### RECORDS FOR THE TASK:
↓

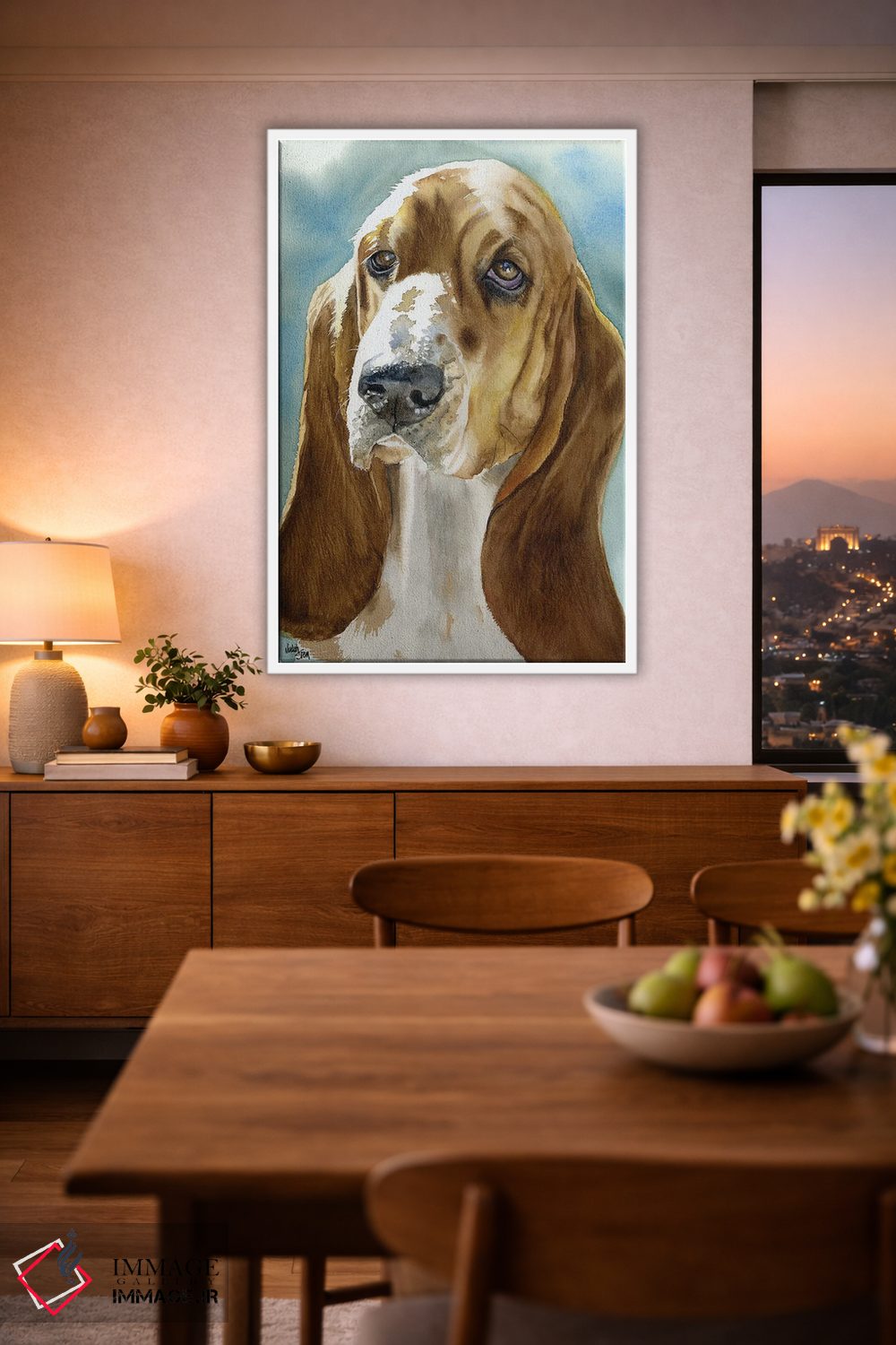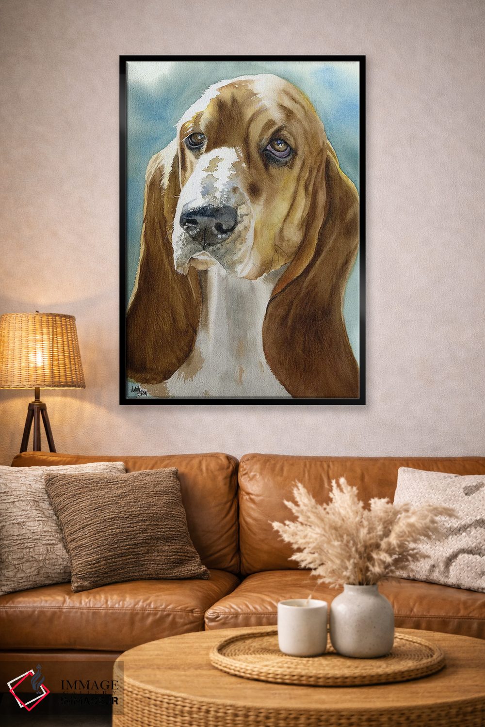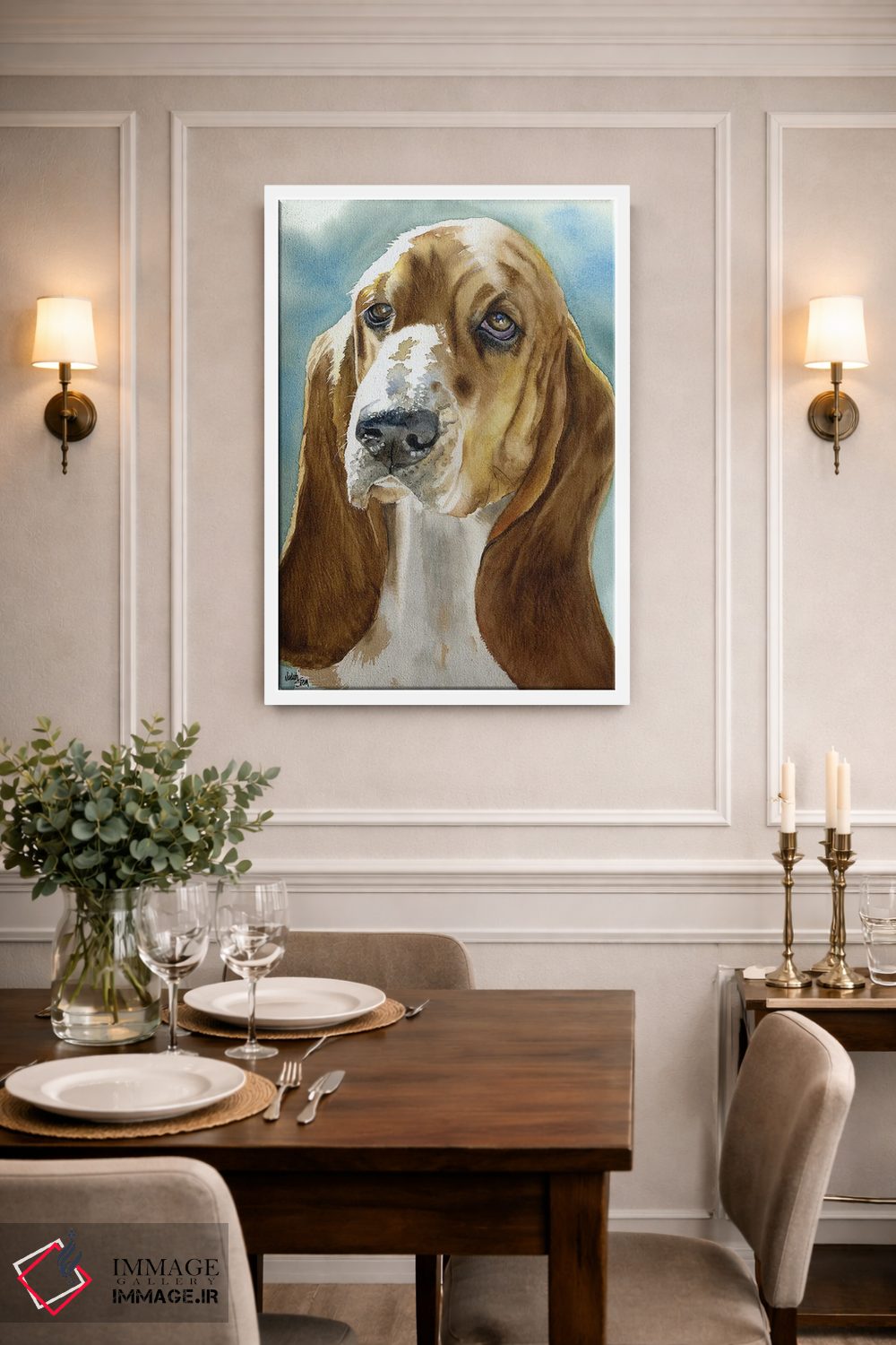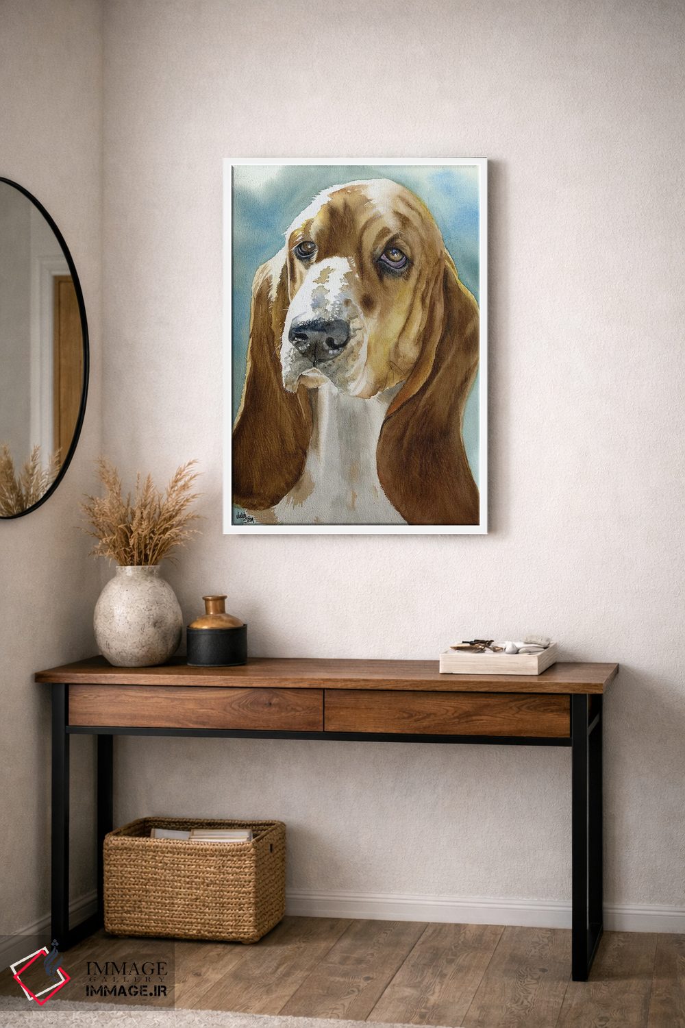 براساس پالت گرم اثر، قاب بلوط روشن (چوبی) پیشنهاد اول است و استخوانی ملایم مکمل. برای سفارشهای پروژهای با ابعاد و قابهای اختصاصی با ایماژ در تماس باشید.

↑
↓

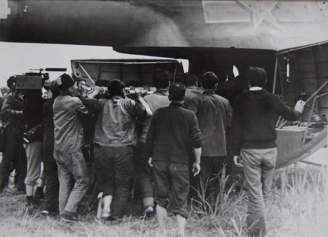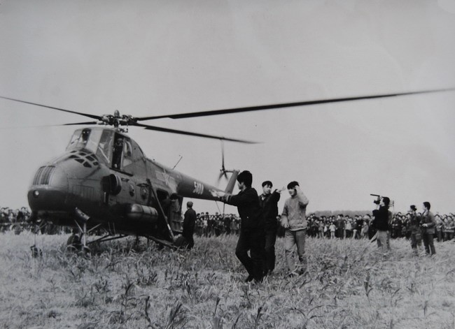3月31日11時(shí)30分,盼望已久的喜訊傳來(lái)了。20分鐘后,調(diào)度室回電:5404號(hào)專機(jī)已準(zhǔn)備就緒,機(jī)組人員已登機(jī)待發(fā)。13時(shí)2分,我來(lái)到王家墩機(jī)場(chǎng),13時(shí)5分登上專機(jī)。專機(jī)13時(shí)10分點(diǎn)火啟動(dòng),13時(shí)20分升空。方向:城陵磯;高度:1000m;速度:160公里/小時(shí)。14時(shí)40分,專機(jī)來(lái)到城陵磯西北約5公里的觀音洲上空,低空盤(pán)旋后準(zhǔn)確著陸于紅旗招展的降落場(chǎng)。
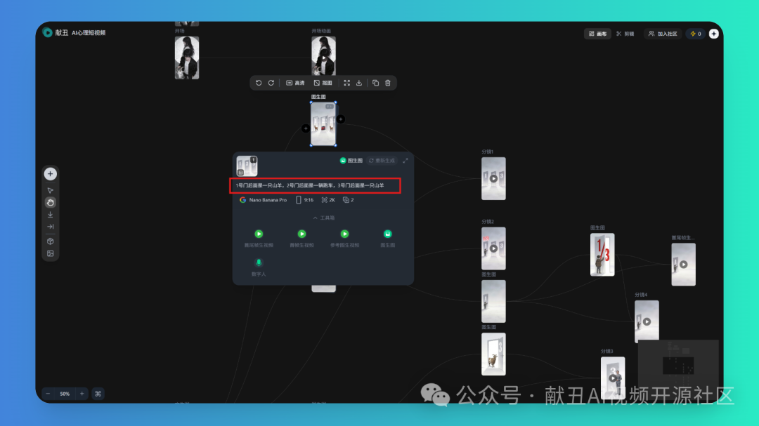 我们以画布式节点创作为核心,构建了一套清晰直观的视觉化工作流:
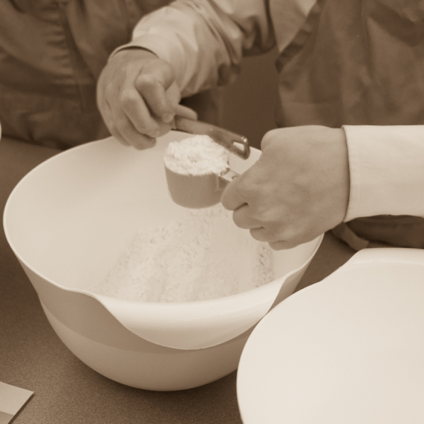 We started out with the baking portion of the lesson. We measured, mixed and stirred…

↑

### AIM OF THE TASK:
No picture is to be printed. Output exactly the lines above from the line containing "3月31日11時(shí)3" through the line containing "We started out".

### TASK OUTPUT:
3月31日11時(shí)30分,盼望已久的喜訊傳來(lái)了。20分鐘后,調(diào)度室回電:5404號(hào)專機(jī)已準(zhǔn)備就緒,機(jī)組人員已登機(jī)待發(fā)。13時(shí)2分,我來(lái)到王家墩機(jī)場(chǎng),13時(shí)5分登上專機(jī)。專機(jī)13時(shí)10分點(diǎn)火啟動(dòng),13時(shí)20分升空。方向:城陵磯;高度:1000m;速度:160公里/小時(shí)。14時(shí)40分,專機(jī)來(lái)到城陵磯西北約5公里的觀音洲上空,低空盤(pán)旋后準(zhǔn)確著陸于紅旗招展的降落場(chǎng)。
 我们以画布式节点创作为核心,构建了一套清晰直观的视觉化工作流:
 We started out with the baking portion of the lesson. We measured, mixed and stirred…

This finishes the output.